What is a token in the Large Language Models context?

quangngoc

ChatGPT and other LLMs rely on input text being broken into pieces. Each piece is about a word-sized sequence of characters or smaller. We call those sub-word tokens. That process is called tokenization and is done using a tokenizer.

Tokens can be words or just chunks of characters. For example, the word “hamburger” gets broken up into the tokens “ham”, “bur” and “ger”, while a short and common word like “pear” is a single token. Many tokens start with whitespace, for example, “ hello” and “ bye”.

The models understand the statistical relationships between these tokens and excel at producing the next token in a sequence of tokens.

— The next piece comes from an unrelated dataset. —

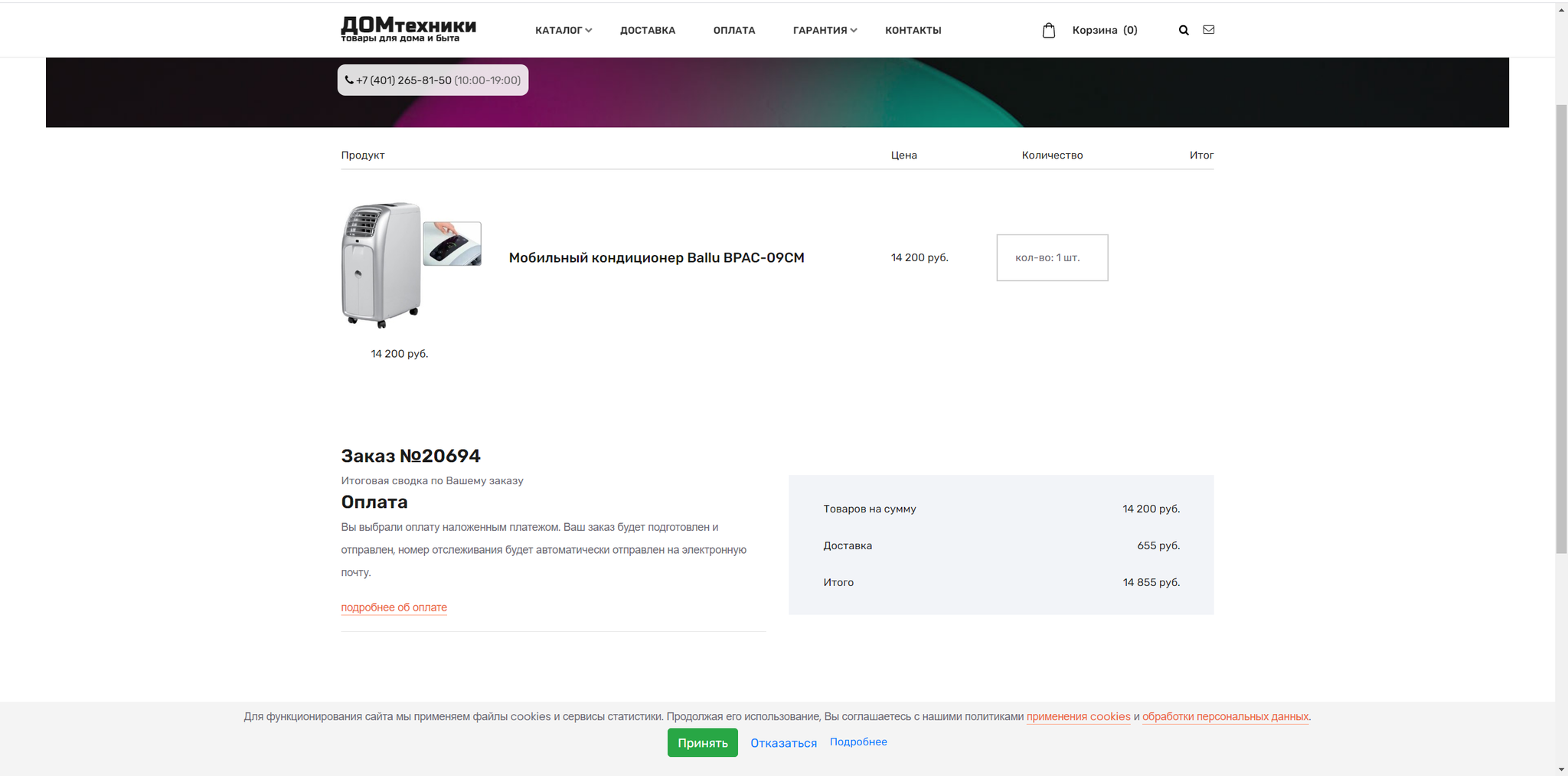 Сделал я заказ, и начал названивать по указанному номеру. Робот говорил, что все люди заняты и перезвоните позже. Примерно через час со мной связались по телефону, просили подтвердить заказ, и только сейчас я понял, что даже не уточнили место доставки. Ну да ладно. Пообещали отправить запрос на счёт в бухгалтерию. Мол оплатите счёт и завтра когда увидим ваш платеж, сразу же отправим товар на доставку, а там всего 1-2 дня и вы счастливый обладатель великолепного кондиционера. Счёт пришел буквально через минуту после звонка. Я такой быстрой работы бухгалтерии ещё не встречал.

The number of tokens processed in a given API request depends on the length of both your inputs and outputs. As a rough rule of thumb, the 1 token is approximately 4 characters or 0.75 words for English text.

gpt4

In the context of Large Language Models (LLMs), a token is a unit of text that the model uses as input or output during processing. Tokens can take various forms depending on the tokenization method used, and they represent the smallest elements that the language model operates on. Here's how tokens are typically understood and used:

Types of Tokens:
- Word Tokens: In some models, tokens correspond to whole words. However, using word tokens can quickly lead to very large vocabularies with a lot of rare words, which can be inefficient and difficult for a model to handle.
- Subword Tokens: Modern LLMs often use subword tokenization methods like Byte Pair Encoding (BPE), WordPiece, or SentencePiece. These methods break down words into smaller, more manageable pieces (subwords) that are frequent enough in the training corpus to be useful but also allow the model to handle rare and unknown words by combining subword units.
- Character Tokens: Some models tokenize input at the character level, treating each character as a separate token. This leads to longer sequences but ensures that the model can represent any text without encountering unknown words.
- Byte Tokens: Tokenization can also occur at the byte level, as seen in models that use a byte-level BPE. This allows the model to handle a wide variety of text, including multiple languages and special characters, without relying on a predefined vocabulary.
Functions of Tokens:
- Tokens serve as a bridge between raw text data and the numerical representations (embeddings) that machine learning models understand and process. Each token is typically associated with a vector in a high-dimensional space.
- Tokens can also include special tokens that convey particular meanings to the model, such as start-of-sequence <s>, end-of-sequence </s>, and padding <pad> tokens, among others.
Tokenization Process:
- Text data is usually preprocessed through a tokenization process where it is split into tokens. This process may also include lowercasing, removing or normalizing punctuation, and sometimes stemming or lemmatization.
Tokens and Model Input:
- After tokenization, tokens are converted into numerical IDs based on the model's vocabulary, and these IDs are used as input for the LLM. The model often adds position-specific information to these token embeddings to retain information about the order of tokens in the sequence.
Tokens and Model Output:
- Large Language Models generate output in the form of tokens, which are then converted back into human-readable text. When generating text, LLMs sequentially predict the next token in the sequence given the previous tokens, which involves sampling or choosing the most likely token at each step according to the model's learned probabilities.

Overall, tokens are fundamental to the functioning of LLMs, serving as the atomic pieces that make up the text sequences the models learn to generate, interpret, and manipulate. The choice of tokenization significantly impacts the model's performance, its ability to handle unseen words, and the computational efficiency.